DATA SHOWN START

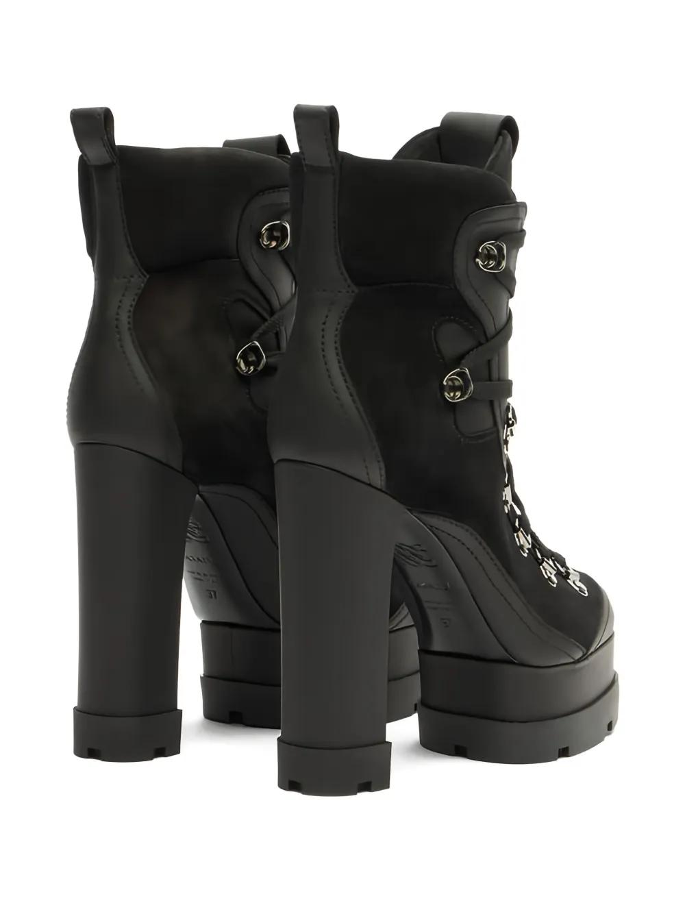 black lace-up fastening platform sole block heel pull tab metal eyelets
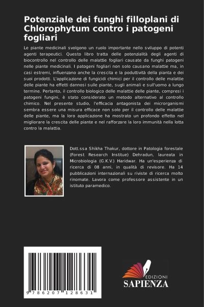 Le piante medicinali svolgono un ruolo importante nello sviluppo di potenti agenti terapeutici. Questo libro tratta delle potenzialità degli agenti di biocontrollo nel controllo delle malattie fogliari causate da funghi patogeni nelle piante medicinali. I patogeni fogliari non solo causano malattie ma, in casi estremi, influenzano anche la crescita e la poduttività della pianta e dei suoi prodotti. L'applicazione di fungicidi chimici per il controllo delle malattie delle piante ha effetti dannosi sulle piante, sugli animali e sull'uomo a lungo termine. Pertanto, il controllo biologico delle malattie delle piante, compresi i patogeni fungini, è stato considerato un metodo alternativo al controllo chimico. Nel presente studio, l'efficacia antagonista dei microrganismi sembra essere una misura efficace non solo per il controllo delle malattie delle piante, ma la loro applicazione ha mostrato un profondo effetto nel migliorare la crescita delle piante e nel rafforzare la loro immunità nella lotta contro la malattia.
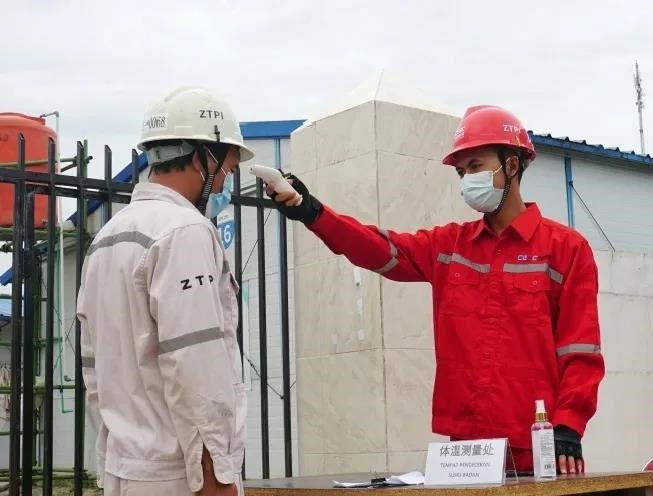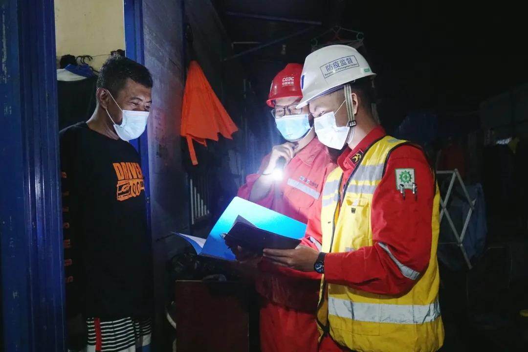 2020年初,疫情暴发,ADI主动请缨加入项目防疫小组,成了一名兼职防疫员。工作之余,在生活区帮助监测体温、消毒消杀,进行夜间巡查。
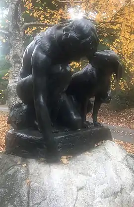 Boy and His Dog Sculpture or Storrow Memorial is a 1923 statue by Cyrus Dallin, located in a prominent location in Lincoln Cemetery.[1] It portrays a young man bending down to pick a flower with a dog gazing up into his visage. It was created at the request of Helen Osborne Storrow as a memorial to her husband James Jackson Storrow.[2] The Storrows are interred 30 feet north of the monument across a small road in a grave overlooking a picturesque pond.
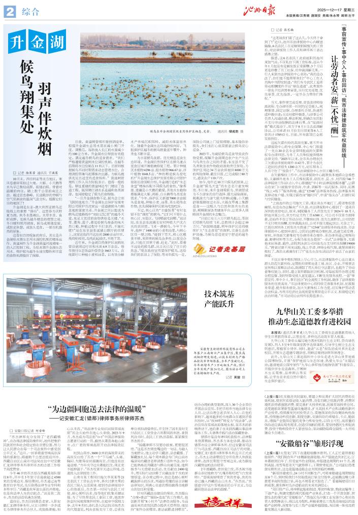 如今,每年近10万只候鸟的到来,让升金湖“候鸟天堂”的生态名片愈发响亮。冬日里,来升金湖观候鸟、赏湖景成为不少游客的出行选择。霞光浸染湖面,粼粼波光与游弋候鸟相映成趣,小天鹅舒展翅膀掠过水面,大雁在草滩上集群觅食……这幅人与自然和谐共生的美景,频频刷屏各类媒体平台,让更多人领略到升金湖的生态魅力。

DATA SHOWN END

Word for word, restate the lines from the line with "2020年初,疫情暴发,AD" through the last line of the entries, and nothing beyond them. Omit pictures.

 2020年初,疫情暴发,ADI主动请缨加入项目防疫小组,成了一名兼职防疫员。工作之余,在生活区帮助监测体温、消毒消杀,进行夜间巡查。
 Boy and His Dog Sculpture or Storrow Memorial is a 1923 statue by Cyrus Dallin, located in a prominent location in Lincoln Cemetery.[1] It portrays a young man bending down to pick a flower with a dog gazing up into his visage. It was created at the request of Helen Osborne Storrow as a memorial to her husband James Jackson Storrow.[2] The Storrows are interred 30 feet north of the monument across a small road in a grave overlooking a picturesque pond.
 如今,每年近10万只候鸟的到来,让升金湖“候鸟天堂”的生态名片愈发响亮。冬日里,来升金湖观候鸟、赏湖景成为不少游客的出行选择。霞光浸染湖面,粼粼波光与游弋候鸟相映成趣,小天鹅舒展翅膀掠过水面,大雁在草滩上集群觅食……这幅人与自然和谐共生的美景,频频刷屏各类媒体平台,让更多人领略到升金湖的生态魅力。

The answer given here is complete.